In no case, however, should the superstes be understood as a passive third party. On the contrary, in particular as the survivor he is involved to the highest degree in the event to be witnessed and the capability to keep oneself “over the matter itself” (or to maintain oneself over and beyond it) and to come to speak about it is extremely precarious in various senses. To illustrate this I would like to briefly apply the old semantic proximity between the survivor and the witness that Benveniste describes with regard to the concept of the superstes to the cited Plautus fragment – not to suggest a “more adequate” translation but to bring attention to the horizons of connotation. The fragment is thus: “Now I am allowed to say everything I would like; there is no survivor present.”

The figure of the witness always seems to refer to issues related to presence. In the semantic field of the testis, with his specific difference to the arbiter, the focus is on his non-involvement with what is happening as well as on his presence in the knowledge of the persons involved in this event. By contrast, the superstes is characterized by his involvement and his presence is not only precarious but also already informed by the tension existing between two situations – that to which he is a witness (and can be a witness because he has survived) and that in which he speaks about the first situation. Precisely this twofold presence is what the formula “maintaining oneself beyond the matter, standing over the matter itself” refers to.
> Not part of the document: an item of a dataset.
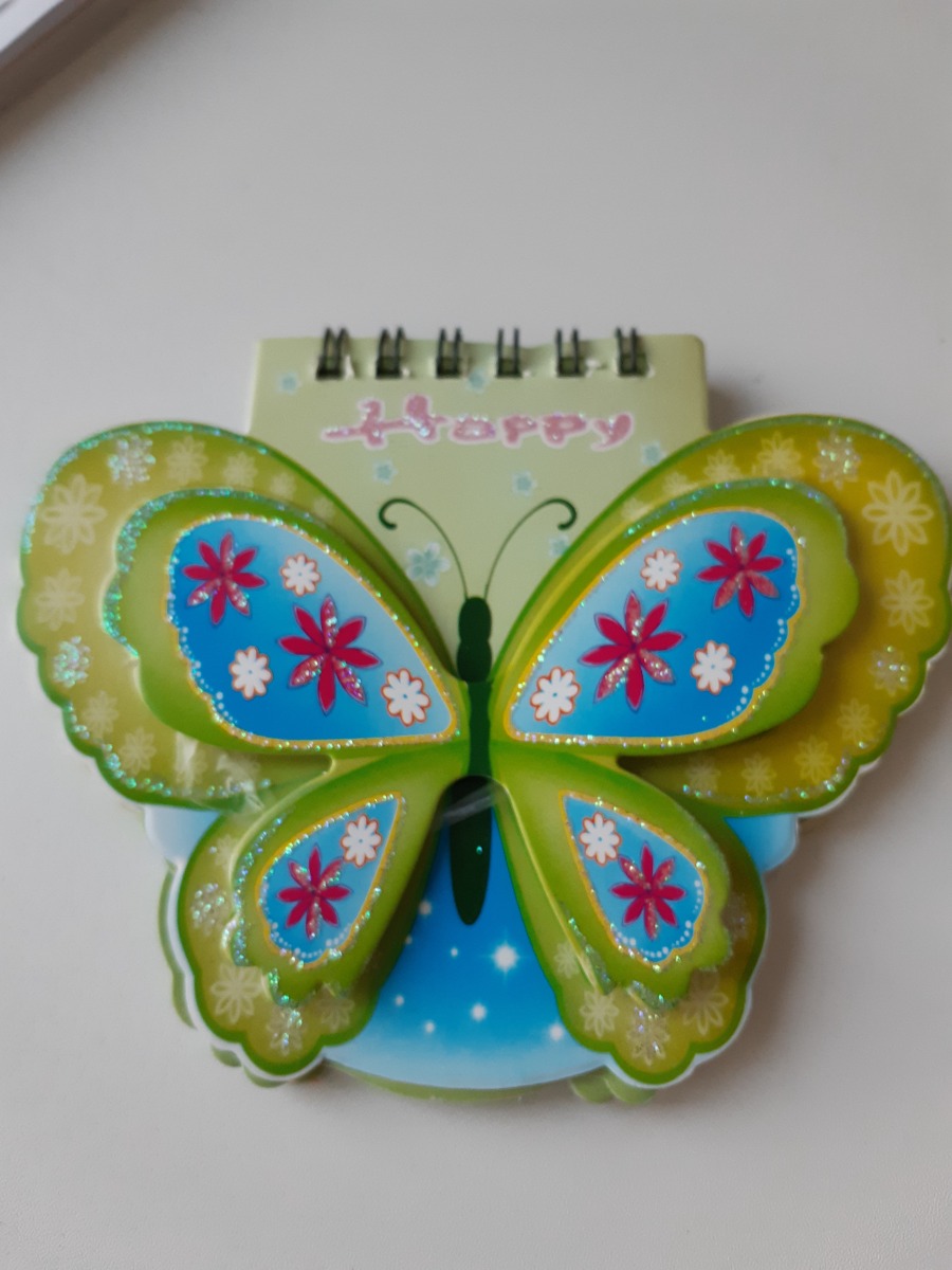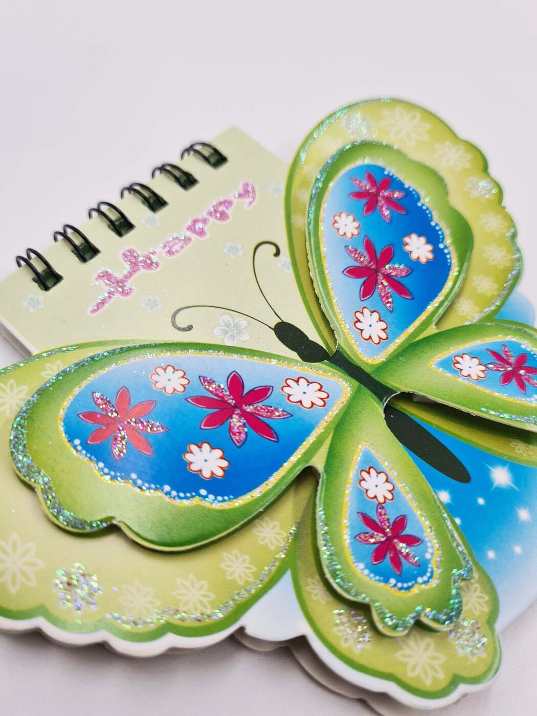 Блокнот на спирали с фигурной высечкой Бабочка, зелёная, А7 50 листов, "Darvish", DV-7101

What then is “the matter” at hand? And how is one to understand the precarious nature of this twofold presence?

Here we should first note that the proximity between surviving and witnessing documented in the Latin word superstes has to do with more than a mere old and mere semantic proximity. It corresponds to the uncanny proximity between physical and linguistic annihilation which I addressed above in connection with Lyotard. This proximity is to be found especially where there is an interest in the exercise of the dubious right “to say what one wants” without being confronted with the interventions of a different speech. In order to illustrate this connection we leave the ancient context and turn to Carlo Ginzburg’s text “Just One Witness”21. Taking its distances from the Roman legal formula Unus testis, nullus testis (“One witness is not witness”) and thus from a reduction of the question of witnessing to the court setting, this text discusses the status of testimonies made by witnesses on the basis of a historiographic approach. Ginzburg begins with the discussion of a testimony from the year 1348 which is documented in a few lines in a copy of the Tora, today found in the Austrian National Library in Vienna. The testimony reports about the annihilation of the entire Jewish community in the Provencal village of La Baume on May 16, 1348 shortly after the plague appeared (Jews were made responsible for the spread of the plague.) Its author, Dayas Quinoni, only survived because he had left the village for a few days at the time of the massacre. And Ginzburg’s reflections are also mainly directed at the arguments of the post-Nazi “revisionists” à la Robert Faurisson who question the existence of the Nazi camps of annihilation also by pointing to the alleged impossibility of witnessses.22

Ginzburg’s text does not offer a separate discussion of the link between both of these “cases”. It is however quite remarkable given the fact that Dayas Quinoni’s testimony is that of a witness who was not physically present at the act witnessed – and who, as a survivor, can give a testimony for this very reason. Faurisson’s “revisionist” sleight of hand, by contrast, amounts to the claim that those who appear to be witnesses can thus not be believed because they could not have survived the act witnessed if this act had taken place in correspondence to the testimonies. The cynicism of this line of argumentation is also visible in the fact that Faurisson, in the same breath as he denies the existence of the Nazi machinery of annihilation, also assumes its violent logic in two regards: one, by postulating a complete congruence between physical and linguistic annihilation so as to, by inversion, back his thesis that no physical annihilation had taken place in the sense of the witnesses; and second, because Faurisson seeks to disqualify the speech of the witnesses – those who actually survived the annihilation – as senseless and in so doing himself appears to be a late accomplice of those SS people who told the camp inmates that if they ever conveyed their experiences to anyone no one would believe them.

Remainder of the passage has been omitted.